I suppose a typical "printk->console_unlock() under spin_lock" thing

	CPU0						CPU1
	spin_lock(&lock)
	 printk						spin_lock(&lock)
	  console_unlock()
	   for (;;)
	    call_console_drivers()

While other CPUs printk->log_store() and some (or may be just one) is locked
up on spin_lock(&lock). So we have several lockup vectors here - one is
console_unlock() under spin_lock and the other one is CPUs spinning on the
very same spin_lock. So handoff should help here, no doubt. But it cannot help
if other CPUs will start to printk_deferred() instead of printk().


Looking at
 printk()->call_console_drivers()->serial8250_console_putchar()->wait_for_xmitr()

... wait_for_xmitr() can spin for over 1 second waiting for the UART_MSR_CTS
bit.

static void wait_for_xmitr(struct uart_8250_port *up, int bits)
{
	unsigned int status, tmout = 10000;

	/* Wait up to 10ms for the character(s) to be sent. */
	for (;;) {
		status = serial_in(up, UART_LSR);

		up->lsr_saved_flags |= status & LSR_SAVE_FLAGS;

		if ((status & bits) == bits)
			break;
		if (--tmout == 0)
			break;
		udelay(1);
		touch_nmi_watchdog();
	}

	/* Wait up to 1s for flow control if necessary */
	if (up->port.flags & UPF_CONS_FLOW) {
		for (tmout = 1000000; tmout; tmout--) {
			unsigned int msr = serial_in(up, UART_MSR);
			up->msr_saved_flags |= msr & MSR_SAVE_FLAGS;
			if (msr & UART_MSR_CTS)
				break;
			udelay(1);
			touch_nmi_watchdog();
		}
	}
	...
}

a 1+ second long busy loop in the console driver is quite close to
"problems guaranteed". But, wait, there is even more. This wait_for_xmitr()
busy wait is happening after every character we print on the console. So
printk("foo") will generate 5 * wait_for_xmitr() busy loops [foo + \r + \n].
They punch&touch watchdog a lot, so at the least the system won't get killed
by the hardlockup detector. But at the same time, it's still potentially a
1+ second busy loop in the console driver * strlen(message).

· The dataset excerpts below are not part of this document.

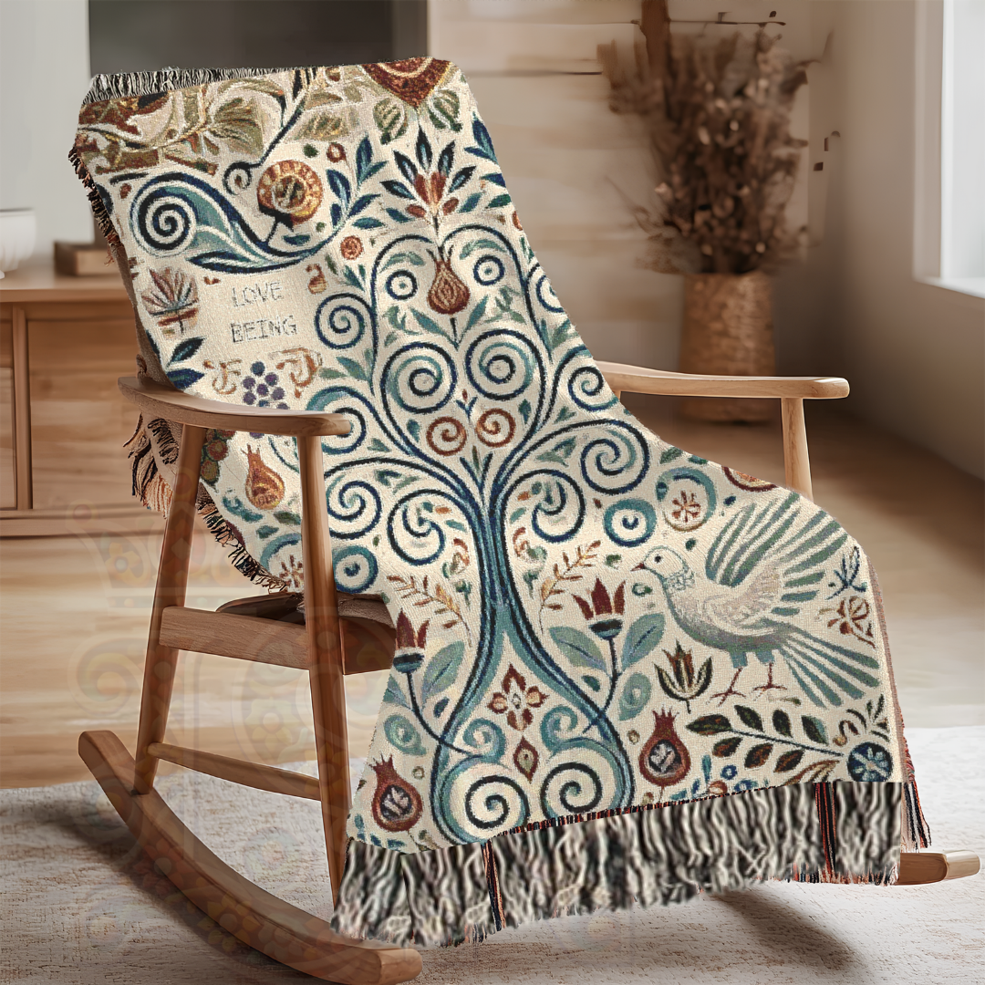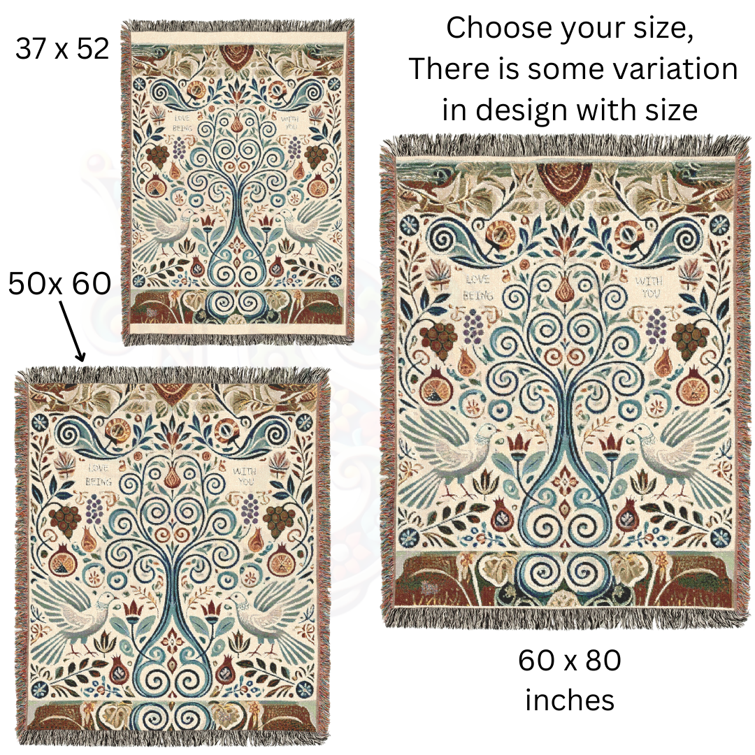 Tree of Life "Love being with you" Woven Blanket – 100% Cotton Tapestry Throw | Boho Home Decor | Birds, Nature & Blessings Design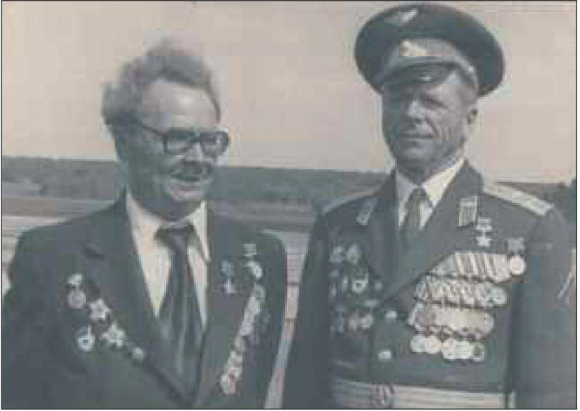 Герои Советского Союза Валентин Сугрин (справа) и Евгений Романов. Они летали на моем четвертом самолете (Шаталово на празднике Дня Победы).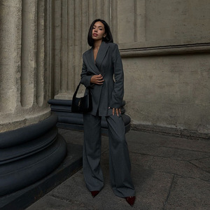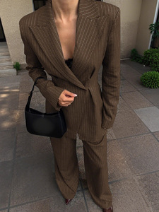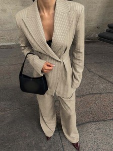 2025跨境秋季时尚新款女装翻领条纹长袖套装通勤百搭西装外套长裤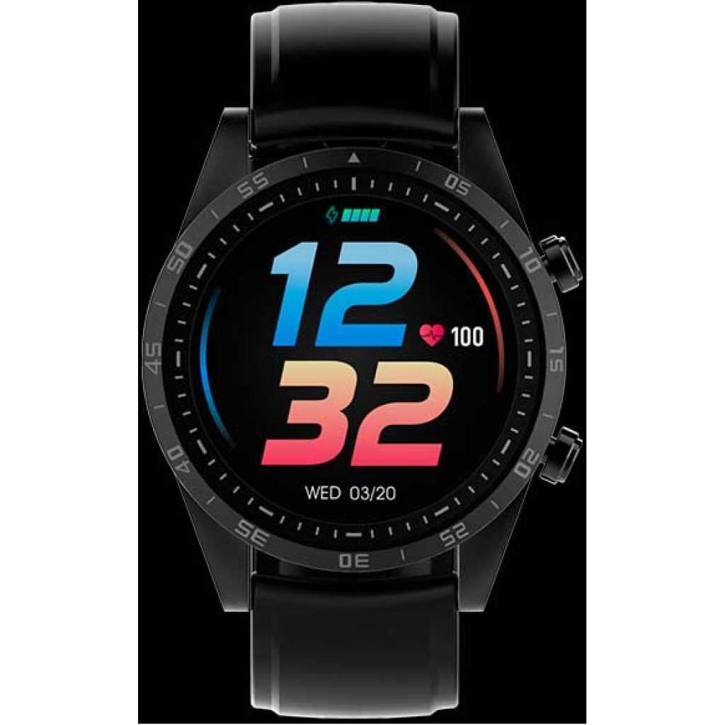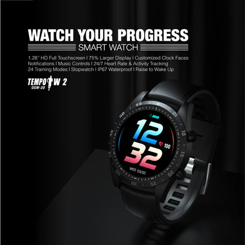 Oraimo Tempo-W2 IP67 Waterproof Smart Watch with 24 Training Modes & Up to 20 Hours Battery Life – Black. Product Features: Screen Size: 1.28″ G+F TFT Resolution 240*240 BT Version: V4.2 Battery Capacity: 180mAh Battery Type: Lithium polymer battery Standby Time: Up to 20 days Watch Size: 42*42*13mm Strap Size: 215mm Material: Zinc Alloy/PC/TPU Waterproof: IP67 Tempo-W2 Function: Full Touchscreen Pedometer Calorie Heart Rate Monitor Activity & Sleep Tracking Notifications Stopwatch Music Controls IP67 Waterproof 24 Training Modes Large & Full Touchscreen The big 1.28” screen allows you full access to control the watch smoothly with your fingertip. Real-Time Notifications Stay connected to what matters most with texts, calls, app alerts by simply raising your wrist. Activity & Sleep Tracking Monitors your heart rate, step, distance, calories, active minutes & time, and sleep quality to help understand your overall physical health. Boost Your Workouts Record accurate workout data in 24 different training modes and a stopwatch to measure the time. Premium Design HD color touchscreen, zinc alloy case, and a skin-friendly strap make the watch even more remarkable. IP67 Waterproof With IP67 waterproof, now you can wash hands, run in the rain and recover in the cold shower with this device on your wrist. Advanced Power-Saving Technology oraimo advanced Power-Saving technology enables you to see more using less power and enjoy an up to 3 weeks battery life.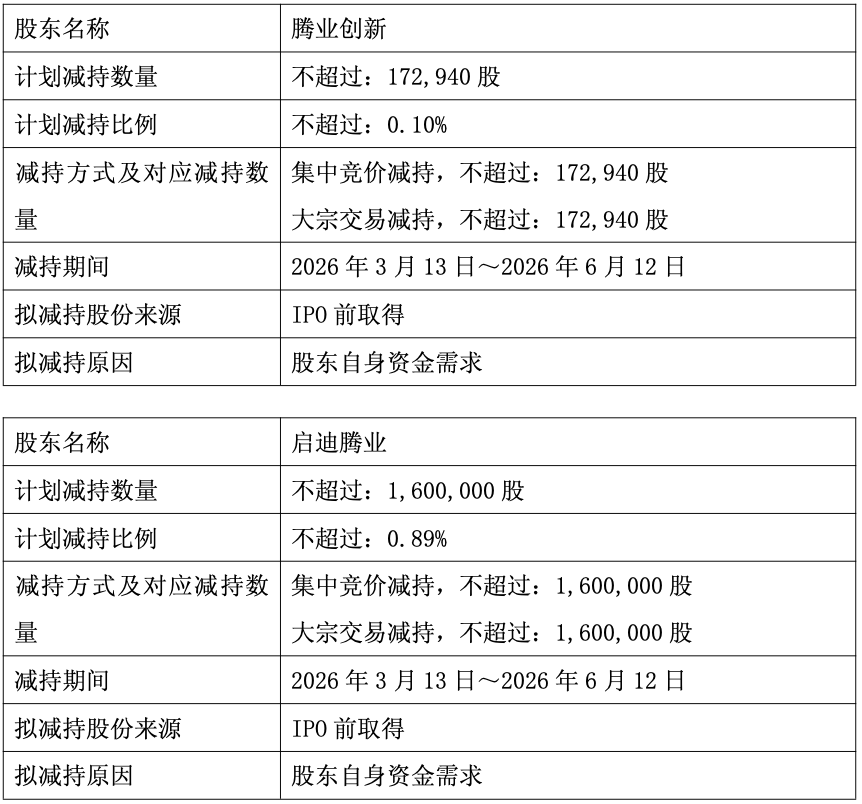 其中,腾业创新拟通过集中竞价或大宗交易方式减持公司股份数量不超过172,940股,即不超过公司总股本的0.10%;启迪腾业拟通过集中竞价或大宗交易方式减持公司股份数量不超过1,600,000股,即不超过公司总股本的0.89%。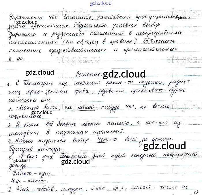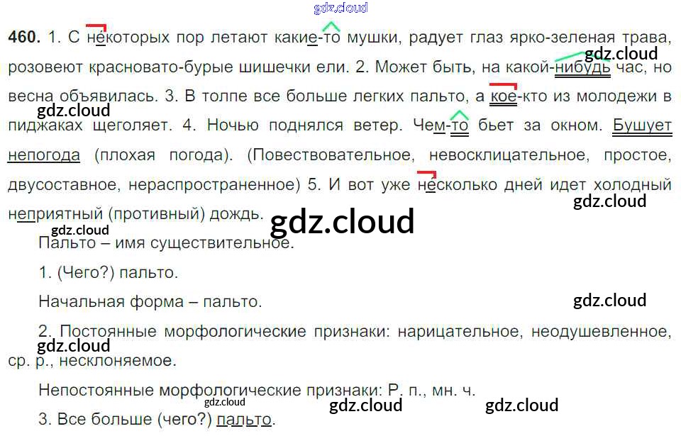 Ответ на задание 460 Учебник Русский язык за 6 (шестой) класс Баранов, Ладыженская, Тростенцова, Григорян, Кулибаба 2015, 2022 Часть 1, 2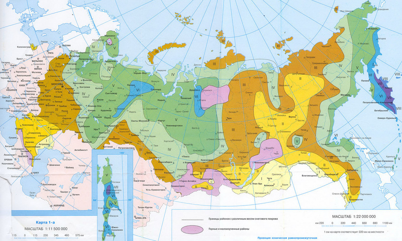 Снеговые нагрузки по регионам России и прилегающим странам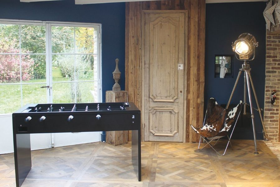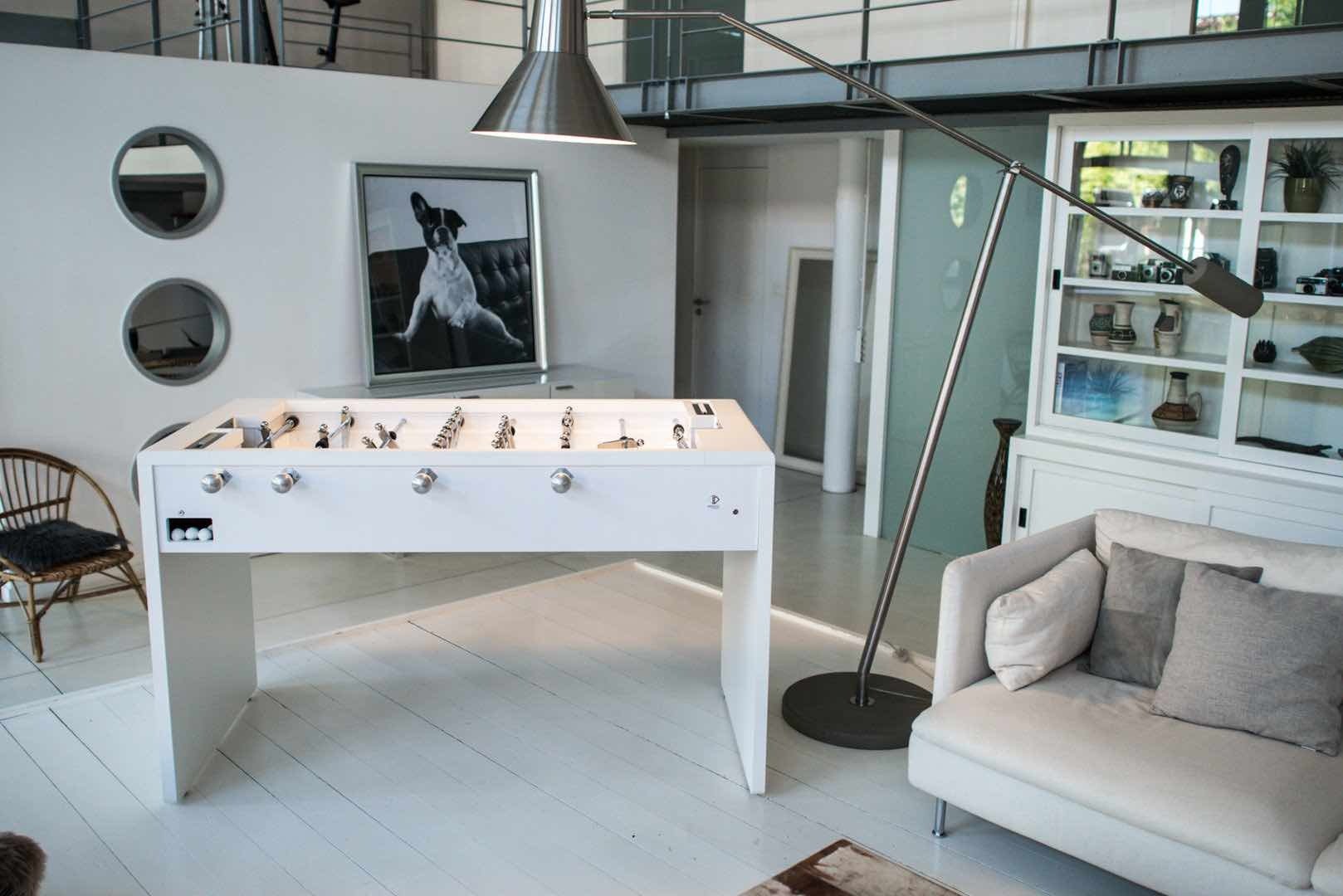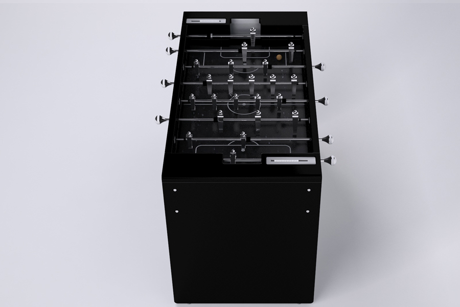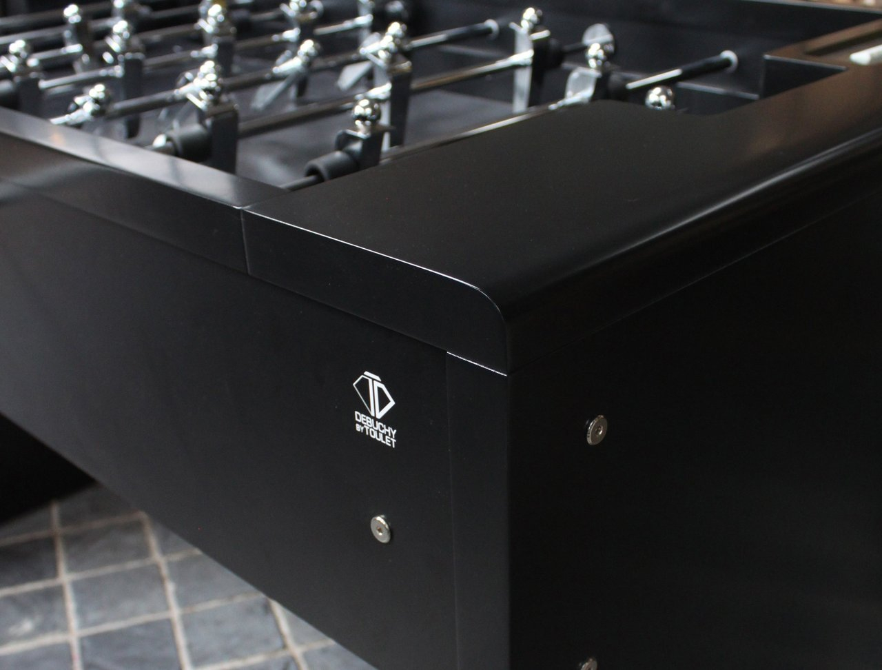 Der individualisierte T11 Tischkicker von Toulet gehört zur Luxury -Line. Er verfügt über 45mm Wandstärke und einem Korpus aus Holz. Die verchromten 15mm Teleskopstangen werden mit runden oder länglichen Griffen bestückt. Auf den Stangen sind die verchromten Aluminiumspieler angebracht. Die besondere Konstruktion der Spieler ermöglicht "schießen" mit dem Kopf der Figur. Weiterhin verfügt der T11 über verchromte und stahlgebürstete Aluminiumtorrahmen. Der Korpus ist mit Gerflex beschichtet. Der T11 ist mit zwei Ballausgaben unter den Torkästen ausgestattet, sodass der Ball einfach entnommen werden kann.

Sometimes I really wish we had detached consoles. Direct printk()->console
is nice and cool, but... we can't have it. I don't want to pressure for
printk_kthread, but look at all those consoles. There are not so many ways
out. What do you think?

	-ss
Comment 7 sergey.senozhatsky.work 2018-03-22 02:35:04 UTC
On (03/22/18 11:14), Sergey Senozhatsky wrote:
[..]
> Looking at
> 
>  printk()->call_console_drivers()->serial8250_console_putchar()->wait_for_xmitr()
> 
> ... wait_for_xmitr() can spin for over 1 second waiting for the UART_MSR_CTS
> bit.

[..]

> a 1+ second long busy loop in the console driver is quite close to
> "problems guaranteed". But, wait, there is even more. This wait_for_xmitr()
> busy wait is happening after every character we print on the console. So
> printk("foo") will generate 5 * wait_for_xmitr() busy loops [foo + \r + \n].
> They punch&touch watchdog a lot, so at the least the system won't get killed
> by the hardlockup detector. But at the same time, it's still potentially a
> 1+ second busy loop in the console driver * strlen(message).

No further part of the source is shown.